Updated on July 05, 2022

Comments

  • StanLe
    StanLe almost 2 years

    I have managed to find online how to overlay a normal curve to a histogram in R, but I would like to retain the normal "frequency" y-axis of a histogram. See two code segments below, and notice how in the second, the y-axis is replaced with "density". How can I keep that y-axis as "frequency", as it is in the first plot.

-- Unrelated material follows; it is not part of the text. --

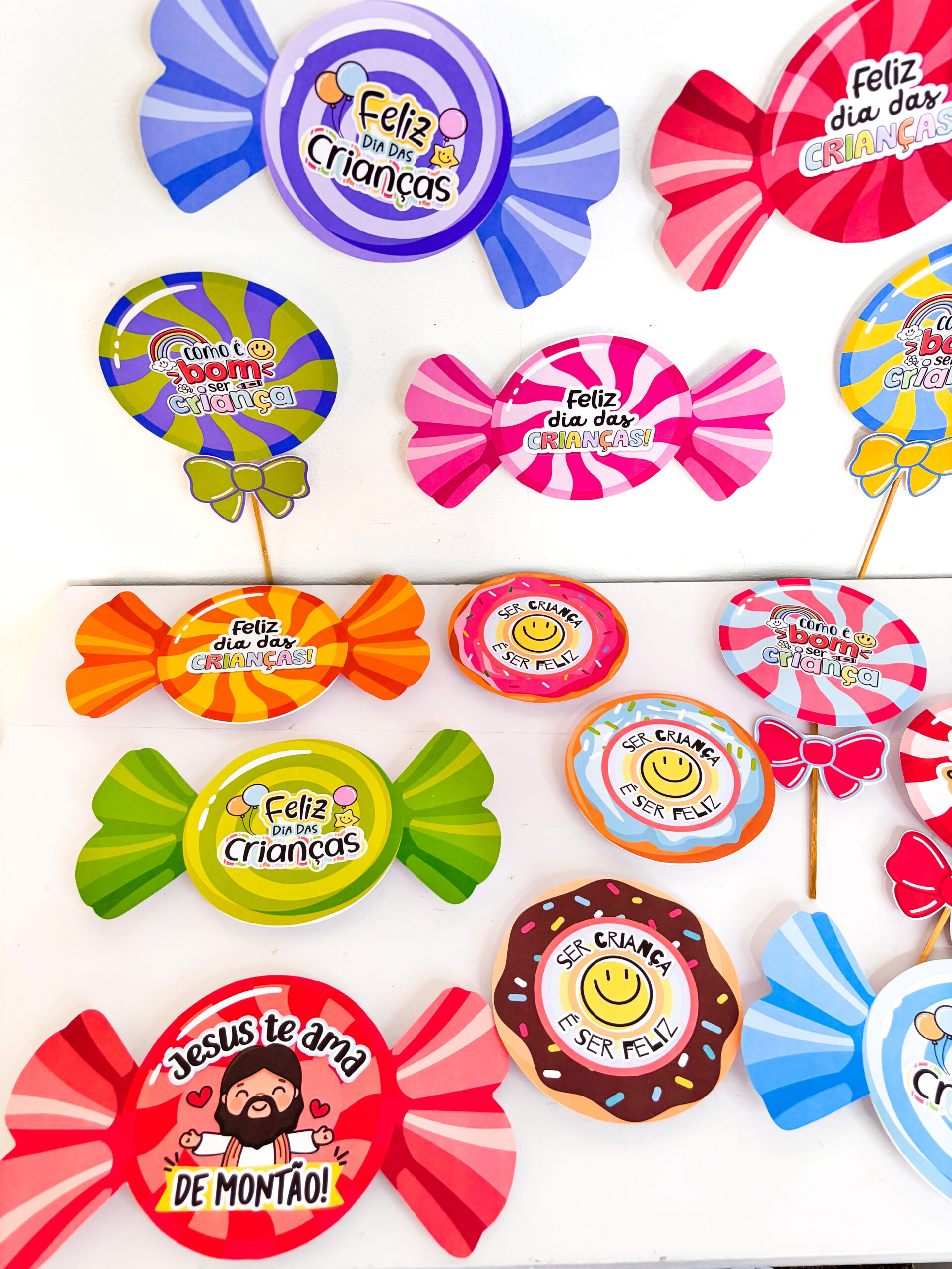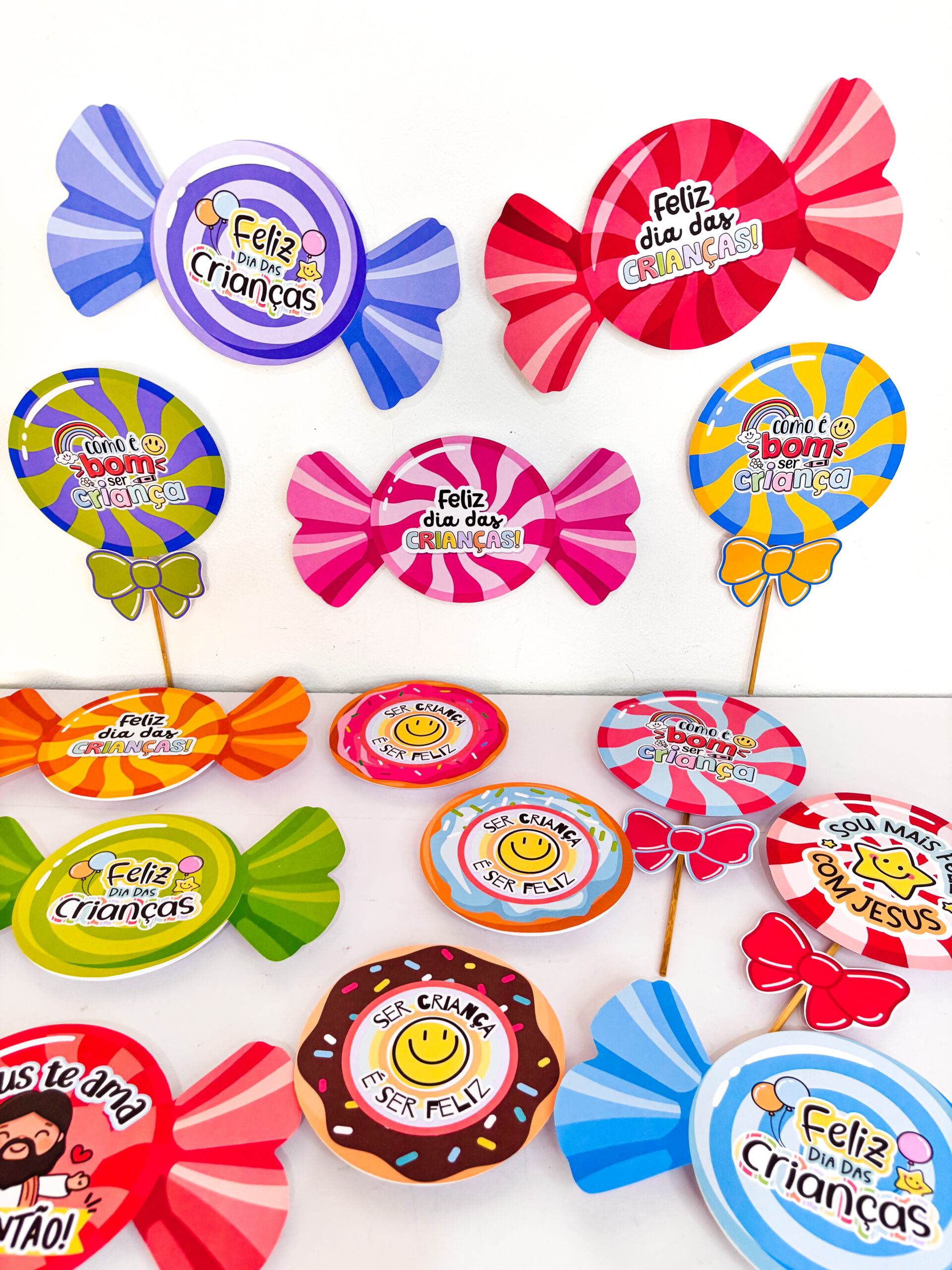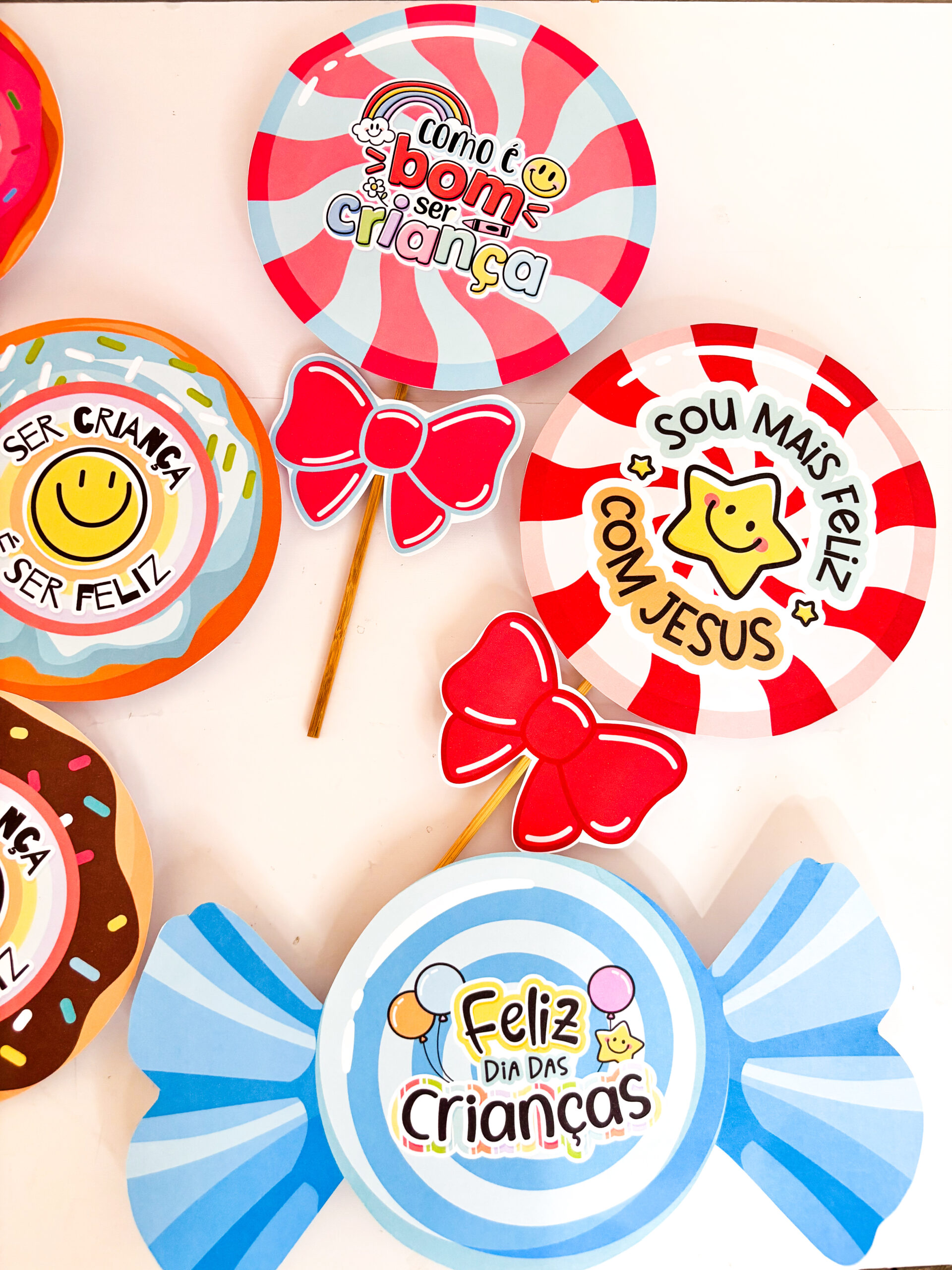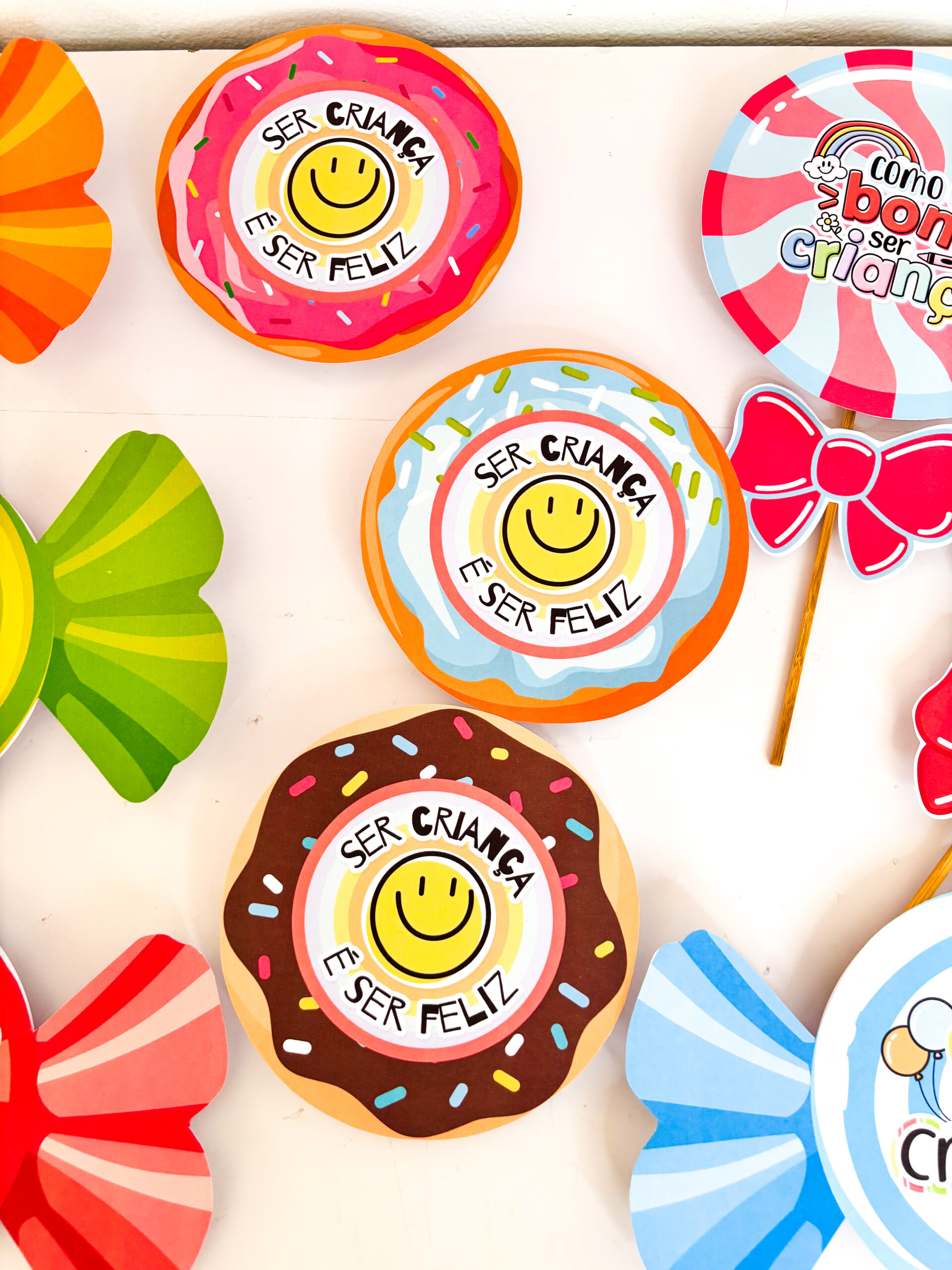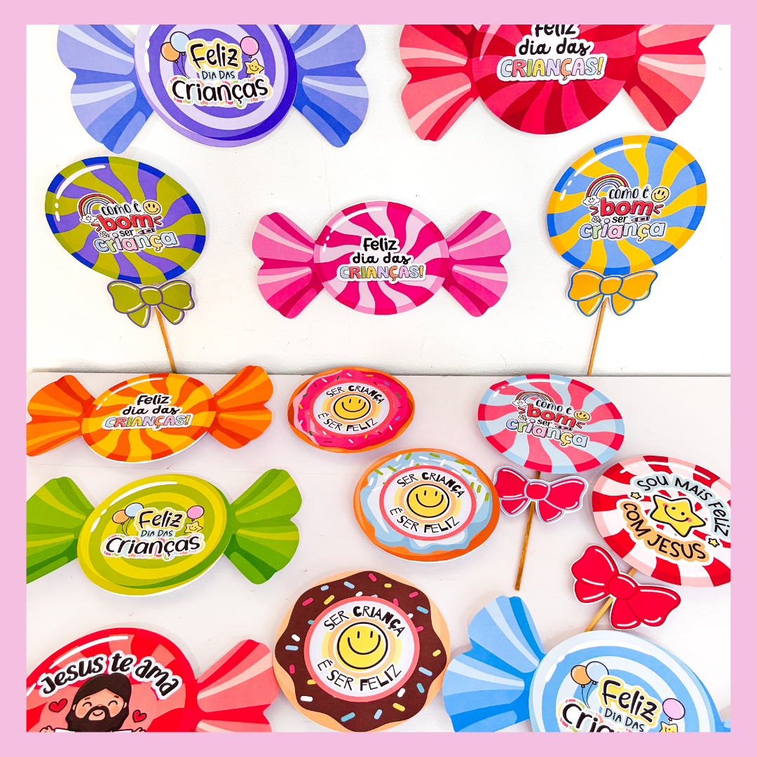 ✨ Preparei um material incrível de lembrancinhas com guloseimas, em três versões encantadoras: pirulito, bala e donuts e com 14 variações 🍭🍬🍩

    AS A BONUS: I'd like to mark the SD regions (up to 3 SD) on the density curve as well. How can I do this? I tried abline, but the line extends to the top of the graph and looks ugly.

    g = d$mydata
    hist(g)
    

    enter image description here

    g = d$mydata
    m<-mean(g)
    std<-sqrt(var(g))
    hist(g, density=20, breaks=20, prob=TRUE, 
         xlab="x-variable", ylim=c(0, 2), 
         main="normal curve over histogram")
    curve(dnorm(x, mean=m, sd=std), 
          col="darkblue", lwd=2, add=TRUE, yaxt="n")
    

    enter image description here

    See how in the image above, the y-axis is "density". I'd like to get that to be "frequency".

  • Mikael Call
    Mikael Call almost 9 years
    Nice! You can also use freq = FALSE in hist to get rid of the scaling of yfit.
  • Zach
    Zach about 8 years
    What is the significant of using h$mids[1:2] instead of the entire vector?
  • dpwr
    dpwr over 6 years
    I believe the significance of h$mids[1:2] is just that it is used to calculate the size of the bins. As they are all the same size, finding the difference between just the first two gives us this. This wouldn't be necessary to do at all if the range of each bin was 1.
  • baxx
    baxx over 5 years
    It would nice if this code sample could be run by others.
  • MS Berends
    MS Berends about 5 years
    @baxx See below answer for an implementation. It wraps around the existing hist() function.
  • MS Berends
    MS Berends about 5 years
    The yfit * diff(h$mids[1:2]) * length(g) must be omitted when using densities (hist(..., density = TRUE)). Also, for dates you must use the numeric transformation of yfit: as.double(yfit) * diff(h$mids[1:2]) * length(g). Just found out today. I implemented the fixes in my answer below (which is an implementation of yours).
  • Dr. Fabian Habersack
    Dr. Fabian Habersack over 4 years
    Nice, is this already implemented somewhere? Do I need to update {graphics} to get this?
  • MS Berends
    MS Berends over 4 years
    No, this is unfortunately not available in base R. Feel free to add it to a package and release it to CRAN :)
  • Darwin PC
    Darwin PC over 4 years
    great! I was always looking for this solution. Now I realized that the problem was in the y scale of the density.
  • Gregor Thomas
    Gregor Thomas over 2 years
    That will put the histogram as frequency/counts for sure, but the density curve will still be on the probability scale, so it doesn't accomplish the goal of having the density curve and histogram counts nicely overlaid.
  • Marichyasana
    Marichyasana over 2 years
    I have seen the following before: the normal curve has one bump and is symmetric, this has 2 bumps.
  • Gregor Thomas
    Gregor Thomas over 2 years
    Yes, this answer simply uses the kernel density estimate with no assumption of normality.